Lynette Yiadom-Boakye, figlia dell’esodo africano in Inghilterra, rilegge il collaudato e antico genere del ritratto stravolgendolo attraverso personaggi fittizi, in un linguaggio ritenuto importante per la storia della comunità afro-britannica di seconda generazione. Dipinge infatti solo figure di neri, una scelta che diventa gesto politico per sottolineare che la storia dell’arte è monopolizzata da ritratti di bianchi.

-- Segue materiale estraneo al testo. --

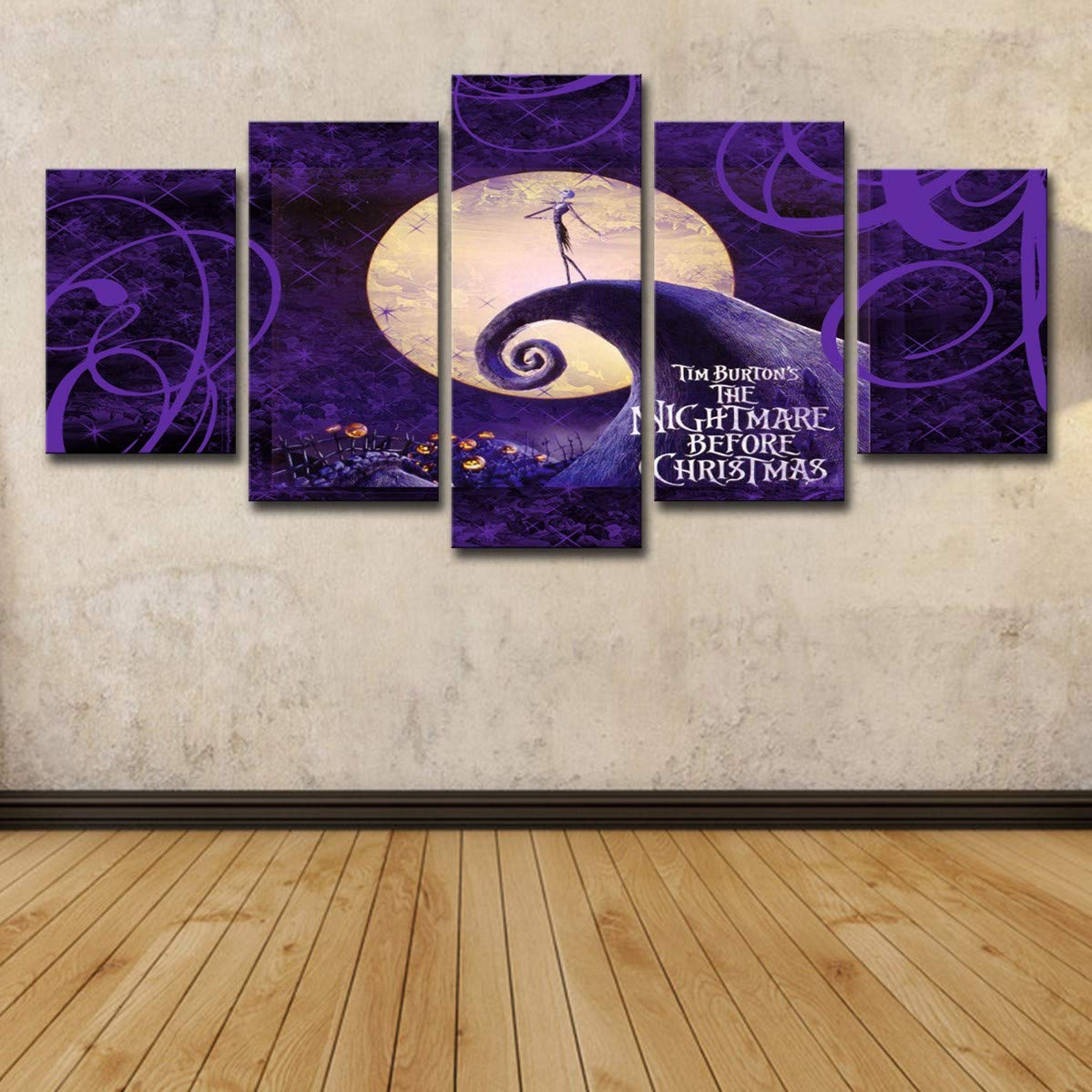 Tytlprints Quadro Su Tela 5 Pezzi Hd Immagini Stampate Nightmare Before Christmas Halloween Cornice Per Poster Decorazioni Per La Casa Soggiorno Parete Amazon It Casa E Cucina

Al proprio mondo ancestrale fa riferimento anche Giulia Cenci (ff #02, 2019), che incrocia forme umani e animali a macchine, per creare nuovi ibridi. Ai materiali, rigorosamente riciclati, aggiunge come traccia del suo vissuto la polvere dello studio che ha allestito nella campagna toscana in una ex stalla prossima alla casa di famiglia.combina dunque modernità e memoria, mentre nella pratica non vuole essere limitata da consuetudini frutto della tradizione.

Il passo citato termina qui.